Roger de Saivre (1908-1964) was a French politician. A supporter of the Révolution nationale, he served as co-Cabinet Secretary to Marshal Philippe Pétain from 1941 to 1942. He was deported to the Dachau concentration camp for his vocal criticisms of the Nazi invaders in 1943. After liberation in 1945, he served as a member of the National Assembly, from 1951 to 1955 representing French Algeria. He was a proponent of the French Empire.

==Early life==
Roger de Saivre was born on May 14, 1908, in Paris.

He studied law and became a leader of the Jeunesses Patriotes by 1927. He edited their monthly newspaper, Les étudiants de France, with a circulation of 10,000. He graduated from Sciences Po in 1931.

==Career==
He became the editor-in-chief of National in 1932.

He was a staunch supporter of the Révolution nationale and a vehement opponent of Nazism. In October 1940, with Henry Pugibet, he co-founded Jeunesse de France et d'outre-mers, a youth organization meant to spread the Révolution nationale among the colonial youths.

He served as the co-Cabinet Secretary to Marshal Philippe Pétain from July 1941 to December 1942, alongside Henry du Moulin de Labarthète. De Saivre was in charge of French Algerian affairs in the cabinet; from July 1942 to December 1942, he was assisted by Georges Demay. He was fired in December 1942 for his criticism of the Nazi invaders.

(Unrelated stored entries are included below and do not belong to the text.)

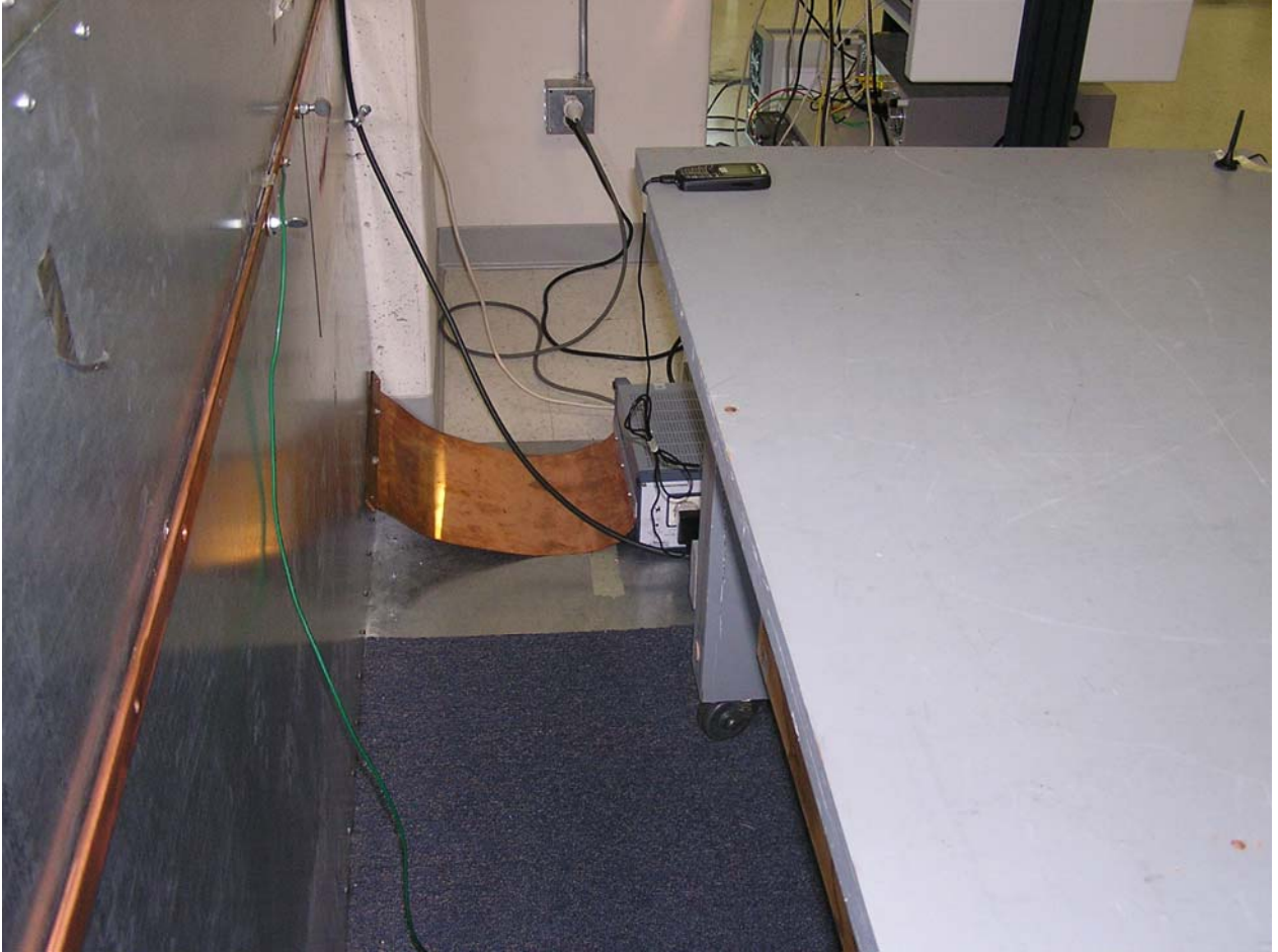
AC LINE CONDUCTION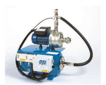
JS Pureflo water pressurising pump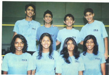
The participating team at the event

T amil Nadu made a clean sweep of the boys' and girls' (under-19) titles in the National junior inter-State squash tournament.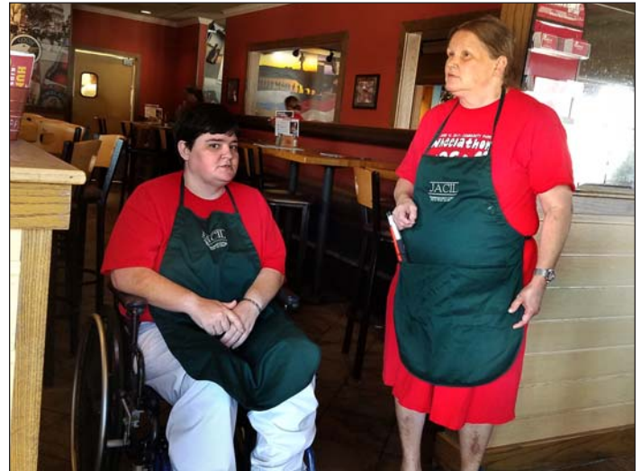
Greeters were on hand to welcome the next set of customers arriving for the event.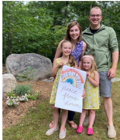
The Dodington Family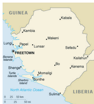
Sierra Leone and neighbors

Why do they fight each other so intensely and brutally? Because of the diamonds. You can see fallen human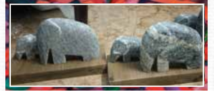
Ivory Awards Sculpture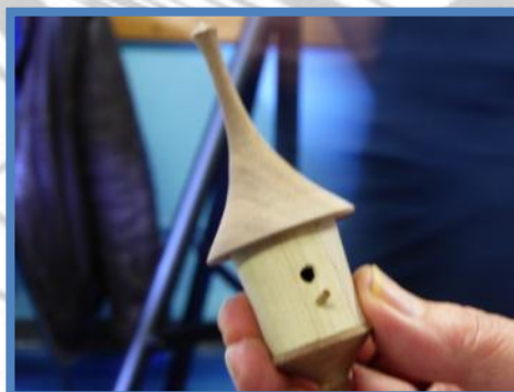
Birdhouse completed. A "mini-bird" would be happy to call this home.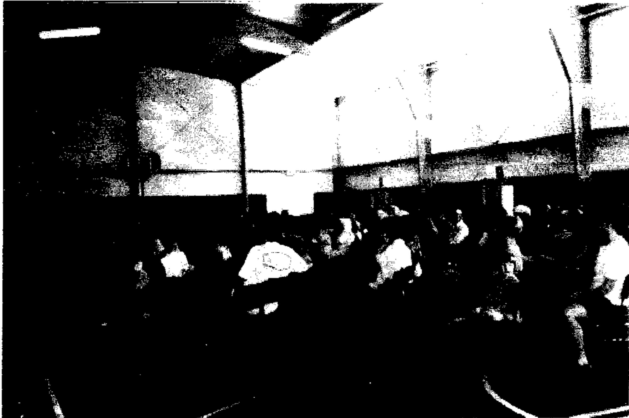
Opening Ceremony for the Re-creation Centre

We have great dreams for next year in terms of further development, ones which we believe will assist us in our ever-developing programme for folk who come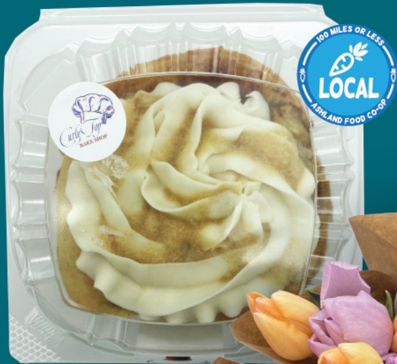
CURLY TOP BAKESHOP Baked Goods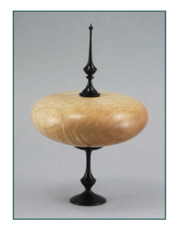
Alan Carter Maple, Blackwood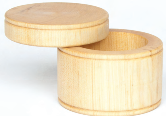
Salt Cellar Item code: SALTCELL01

*Made in Maine from solid, premium New England Hardwoods.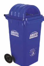
Wheeled Dustbin - 90 Ltr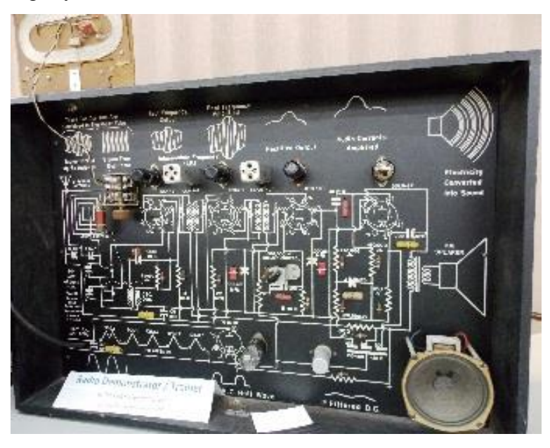
Radio Demonstrator / Trainer – A complete tube radio built into a shadow box! Blake Dietze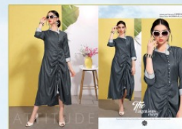
D. No. 1002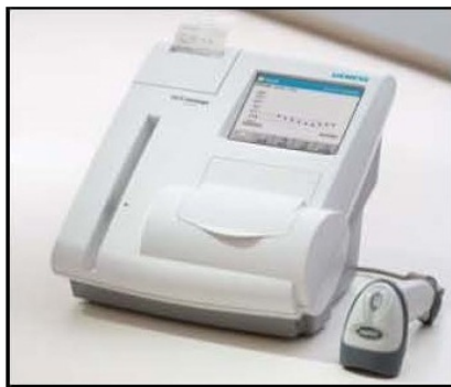
Figure 5 – Example of a Point-of-Care Device

The above photograph is an illustration of our intended products. To date, we have no products available for sale on the IVD market and there is no guarantee that any such products will be developed or commercialized on such market.

He was arrested by the Nazis on December 24, 1942, and jailed at the Château du Hâ, followed by the Fresnes Prison. In April 1943, he was taken to the Dachau concentration camp. He was liberated in May 1945. Shortly after the war, he became a founding member of the Association for the Defence of the Memory of Marshal Pétain and later became General Secretary of the Petainist political party Union of Independent and Republican Nationals (UNIR).

In the 1948 elections to the Algerian Assembly, he ran under the slogan, "Voting for de Saivre is voting for Pétain" — a campaign that secured 20% of the vote.

He served as a member of the National Assembly for Oran, French Algeria from June 17, 1951, to December 1, 1955. He was critical of the "excesses" of the épuration légale. He was an unwavering supporter of the French Empire, including French Algeria and French Indochina.

==Death==
He died on December 13, 1964, in Paris.